Ebû Hüreyre -radıyallâhu anh- naklediyor:

“Rasûlullah -sallâllâhu aleyhi ve sellem-’in sağlığında Kudâa Kabîlesi’nin Beliyy boyuna mensup iki zât, birlikte İslâm’a girmişlerdi. Bunların birisi şehid düşmüş, diğeri de bir sene daha yaşayıp öyle vefât etmişti.

Talha bin Ubeydullah -radıyallâhu anh-;

«–Rüyamda; bir sene sonra vefât eden şahsın, şehid düşenden daha önce cennete girdiğini gördüm ve hayret ettim.» dedi.

Sabah olunca Hazret-i Talha’nın bu rüyası Efendimiz -sallâllâhu aleyhi ve sellem-’e anlatıldı. Rüyayı dinleyen Allah Rasûlü -sallâllâhu aleyhi ve sellem-, -başta namaz olmak üzere- bütün ibâdetlerin mükâfâtını gösteren şu cevabı verdi:

«‒O (bir sene sonra ölen kardeş), şehîd olan kardeşinden sonra Ramazan orucunu tutmadı mı? Bir sene, altı bin şu kadar rekât namaz kılmadı mı? (O hâlde ikisi arasında bu kadar fark tabiî ki olacak.)” (Ahmed, II, 333)

Demek ki;

Huşû ile kılınan bir namaz ve hakkı verilerek tutulan bir Ramazan orucu, kul için ne büyük bir ecir ve saâdet vesilesidir.

Hesabı İlk Görülecek ve Sorulacak Amel

Beş vakit farz namazın edâsı, bir mü’minin Cenâb-ı Hakk’a karşı kulluk vazifelerinin en önde gelenidir.

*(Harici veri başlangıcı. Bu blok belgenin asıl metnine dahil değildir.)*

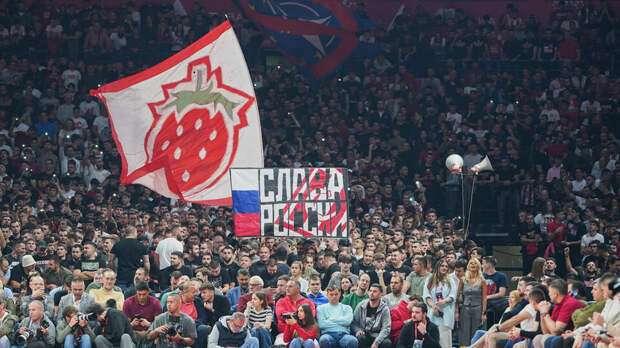Спортивная Европа вопреки бюрократической ищет вдохновение в русских мотивах. Мощным перфомансом в поддержку России начался баскетбольный матч Евролиги в Белграде.

Âhirette hesabı ilk görülecek ve sorulacak amelimizdir.

Bir mü’minin; beş vakit namazı kılmaması, korkunç bir ihmal ve günahkârlıktır.

Namaz öyle ehemmiyetlidir ki; savaşta düşman hücumu endişesi altında dahî terkine müsaade edilmemiş, böyle ahvalde nöbetleşe ve birbirini koruyarak kılınacak namaz «salât-ı havf / korku namazı» olarak tarif buyurulmuştur. (Bkz. en-Nisâ, 101-103)

Kıyâme Sûresi’nde buyurulur:

“O (cehennemlik kişi), (Peygamber’in getirdiğini) doğru kabul etmemiş, namaz da kılmamıştı. Aksine yalan saymış ve yüz çevirmişti. Sonra da çalım sata sata yürüyerek kendi ehline (taraftarlarına) gitmişti.” (el-Kıyâme, 31-33)

Kafirlerin Vasıfları Arasında Geçen Amel

Bu âyet-i kerîmelerde;

«Namaz kılmamak» ve kibirli yürüyüş, kâfirlerin vasıfları arasında sayılmıştır. Müddessir Sûresi’nde de cehennemliklere kendilerini azâba dûçâr eden sebepler sorulduğunda ilk olarak;

“Biz namaz kılanlardan değildik!” diyecekleri bildirilmiştir. (Bkz. el-Müddessir, 42-43)

Cenâb-ı Hak, insanı Zâtına ibâdet etmesi için yaratmıştır.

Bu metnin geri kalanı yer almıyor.